I got up early again (9.20am, on a Sunday, is early for me), despite setting my alarm wrongly, so things are looking good on that score. I had dreamt about a kid who bullied me at school bullying me as an adult (or quasi-adult… in the dream, I mean). It made me wonder if a lot of my feelings of inadequacy around work and my life in general are about feeling I have to “show” the kids who bullied me at school that I’m competent, or fitting in with my childhood/adolescent feelings that one day I would succeed in some nebulous, undefined way and that that would be some kind of revenge or self-justification. It would be better to focus on what I want to be doing right now, for myself.

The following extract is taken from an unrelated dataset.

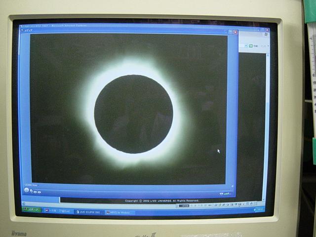 ライブ中継で眺める皆既日食と、全身で受け止める皆既日食 夕刻、他の方のWeb日記にオーストラリア等で見られる皆既日食のライブ中継のことが書かれてあった。すでに外は真っ暗になっており、オーストラリアは日本と経度が同じだからもう終わってしまっているに違いないと思ったが、念のためリンクをたどってみると、日本時間で18時10分台であることに気づく。おかしいなあと思ったが、よく考えれば現地はいま夏至に近い。まだ日没には間があったのである。 さっそく、ライブ中継サイトに繋いで日食の様子を眺めた。直前に何度か雲で隠されヒヤヒヤしたが、皆既食が始まる直前からは雲も切れ、皆既食終了までのすべてを眺めることができた。中継担当者は知らなかったのだろうか。セッティングの会話が聞こえ、逆に臨場感をもたらしていた。今回は皆既食継続時間が32秒と比較的短かったが、そのぶん、すれすれに隠された太陽の縁から全方位に向かってプロミネンスが見えたらしい。いままでで一番美しいとの声も聞こえてきた。 これまでライブ中継などというと、ネットが混雑していてどうせアクセスできないだろうとか、途中で切断されてしまうだろう、などとの思いこみがあり、滅多に利用したことがなかったが、こんなに身近に利用できるとは思わなかった。コロナを眺めるだけだったら、何十万もの旅費を投じて現地に行かなくても済みそうだ。 もっとも、こういった画面いっぱいのコロナを見ても、今ひとつ物足りないところがある。98年8月23日の日記や99年1月14日の日記に書いたように、皆既日食見物の醍醐味は、真っ昼間の景色が急速に暗くなっていく変化にある。皆既日食の瞬間を望遠鏡で眺めるだけだったらテレビやインターネットの画像でも大して変わりはない。写真なども他の人の撮影したものを見せてもらえば済む。しかし、大空全体を肉眼で見渡すことは、現地に行かないとなかなか体験できない。 上掲の右の写真は、小笠原沖の皆既日食の時に20mm広角レンズで撮影した写真である。太陽が真上にあったため2枚を合成してみたが、日食の最中のだいたいの雰囲気はこれで伝わると思う。天頂付近は、コロナを輝かせる太陽と金星や水星などの内惑星、水平線はどの方角も夕焼けのように赤く染まる。私が見たいのは、こういう空いっぱいの景色であって、拡大されたコロナの写真ではない。天文現象を全身で受け止めるには、対象となる天体だけに目を向けていてはダメだ。空全体や地上(海上)全体の中で感じ取る必要がある。できればこういう、現地の景色全体のライブ中継を実現してもらいたいところだが、どんなもんだろうか。 ヘールボップ彗星が近づいた時も、私は、彗星の拡大写真よりは、見慣れた風景と彗星との組み合わせに関心があった。チベットで花の写真を撮る時も、接写よりは、周囲や遠くの雪山を背景に入れたほうが面白いと思う。これは人間の行動についても言えることだろう。1つの行動だけに目を向けるのではなく全人的にとらえるということ、分析ばかりでなく全体や関係性を重視する必要があるということを強く感じるこのごろである。 |
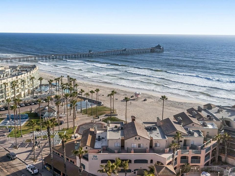 Whether you’re searching for a serene weekend getaway, a lucrative short-term rental, or the perfect place to call home with the Pacific Ocean at your doorstep, this Imperial Beach condo delivers on every level. Set within a secure, VA-approved gated community that allows vacation rentals, it offers rare flexibility for both lifestyle and investment. This desirable first-floor residence features one of the largest patios in the complex—an expansive private retreat where you can soak in sweeping views (see supplement) of the surf, the iconic Imperial Beach Pier, and lively Dunes Park. From your living room, step right onto the veranda and enjoy your morning coffee while the ocean provides the soundtrack. Inside, the home shines with thoughtful updates: fresh interior paint, new kitchen appliances, modern LED recessed lighting, stylish fixtures, and a brand-new HVAC system. Both bathrooms have been upgraded with sleek quartz countertops, and the spacious bedrooms provide a restful haven. Floor-to-ceiling dual-pane windows frame endless ocean vistas, filling the open living area with light and energy. The community enhances the experience with resort-style amenities, including a newly renovated pool and spa, plus two secure parking spaces and additional storage. Best of all, you’re just steps from local dining, shopping, and miles of sandy beach—embracing the ultimate walkable coastal lifestyle. Do not miss this rare opportunity to own front-row ocean views, unforgettable sunsets, and the effortless rhythm of beachfront living in Imperial Beach.

It was a busy day. I had a nice date with PIMOJ. We had to cut it short because we both had things to do afterwards, but it was still two and a half hours. We had a really good time though. It’s strange how two people who are, on the surface, opposites (quiet, reserved and pessimistic vs. ebullient and upbeat) are so alike in many other ways. I came home and had a difficult, but positive conversation with my parents, arranged an important and scary conversation with a rabbi I haven’t seen in fifteen years and always found a little intimidating (I’m cutting a lot of relevant information here that maybe one day I’ll be able to reveal in full), started getting stuff ready for the next stage of my autism assessment on Tuesday… and promptly threw up. Perhaps it was anxiety about all the things happening this week, especially the important and scary conversation with the rabbi. I’m kind of hoping it was, because I don’t want to have a bug.
I’ve spent the last couple of hours watching Doctor Who and slowly eating toast and sipping water, while intermittently dealing with texts from PIMOJ (who is worried about me) and the slightly intimidating rabbi (who I’ll call Rabbi B to distinguish him from all the other rabbis on this blog), setting up a Zoom meeting with me and PIMOJ for Tuesday (no, we’re not about to get married). I don’t feel sick any more, but I do feel a bit faint, despite all the toast and water, and I might be coming down with a temperature; at any rate, I keep feeling hot and then cold (my parents think this is just a side effect of being sick). I texted J to say I won’t come to work tomorrow. Even if I’m not infectious, I don’t want to go on the Tube with a lowered immune system, particularly not as I’m paid on a day to day basis anyway rather than having a contract.
When watching Doctor Who, I watched some of The Keeper of Traken and Logopolis, Tom Baker’s final two stories in the title role. Every couple of years I forget enough about these stories to think that they’re intelligent and brooding and I watch them again, alongside with Castrovalva, the next story in sequence, which forms a loose trilogy with them. And they are intelligent and brooding, in places, with a few good lines (including the title of this post). They’re also portentous, jargon-filled and incomprehensible in other places. Tom Baker is good, but has clearly had his wings clipped by the production team. But after a while I forget all that, and then I remember them as I feel they should be and watch them again… and then I remember.
I really liked Logopolis as a child, at least from the novelisation. I think I want to experience that version of the story, the version that appealed to a quiet and intelligent eight year child, rather than the version that makes the thirty-seven year old wannabe writer redraft the whole thing.